Dataset records section start

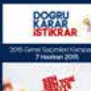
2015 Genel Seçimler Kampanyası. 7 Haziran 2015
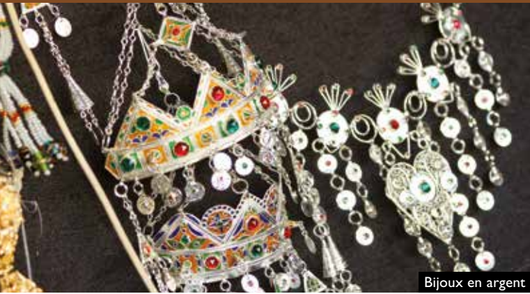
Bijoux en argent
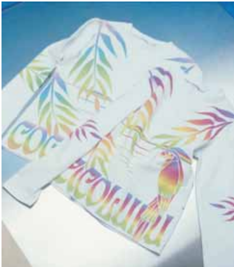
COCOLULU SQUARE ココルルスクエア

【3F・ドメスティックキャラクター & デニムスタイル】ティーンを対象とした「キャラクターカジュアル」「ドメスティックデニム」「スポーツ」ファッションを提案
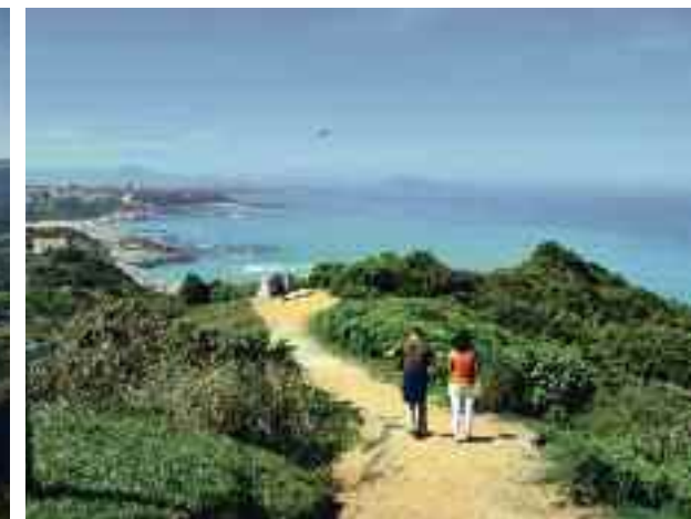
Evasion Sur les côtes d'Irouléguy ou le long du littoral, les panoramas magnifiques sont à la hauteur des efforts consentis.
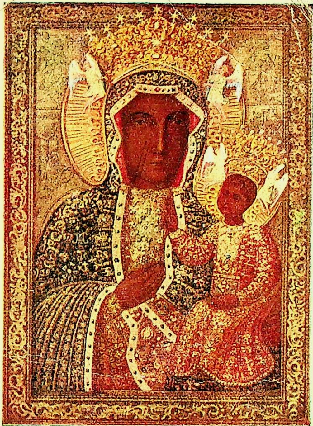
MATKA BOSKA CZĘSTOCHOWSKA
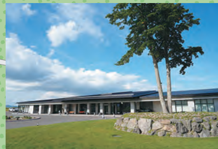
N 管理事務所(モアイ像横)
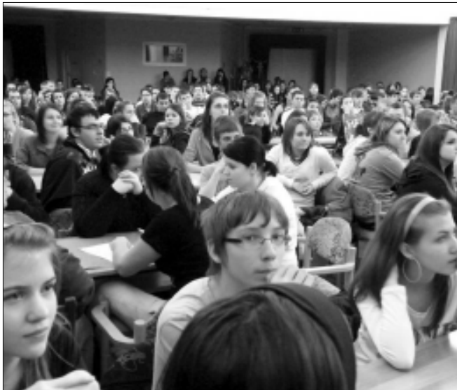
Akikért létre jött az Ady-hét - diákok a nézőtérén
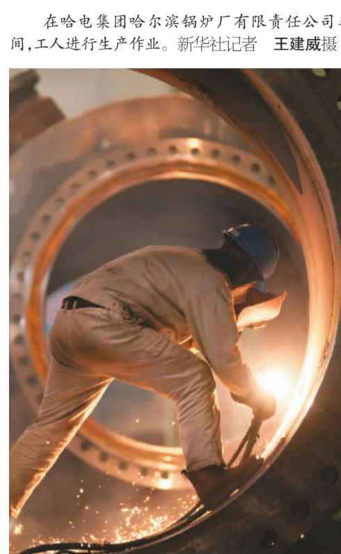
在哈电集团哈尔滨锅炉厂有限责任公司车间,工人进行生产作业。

Dataset records section end

Task details
Please keep every line of the data the same when you reproduce it, and keep every picture out.

Solution to the problem
2015 Genel Seçimler Kampanyası. 7 Haziran 2015
Bijoux en argent
COCOLULU SQUARE ココルルスクエア

【3F・ドメスティックキャラクター & デニムスタイル】ティーンを対象とした「キャラクターカジュアル」「ドメスティックデニム」「スポーツ」ファッションを提案
Evasion Sur les côtes d'Irouléguy ou le long du littoral, les panoramas magnifiques sont à la hauteur des efforts consentis.
MATKA BOSKA CZĘSTOCHOWSKA
N 管理事務所(モアイ像横)
Akikért létre jött az Ady-hét - diákok a nézőtérén
在哈电集团哈尔滨锅炉厂有限责任公司车间,工人进行生产作业。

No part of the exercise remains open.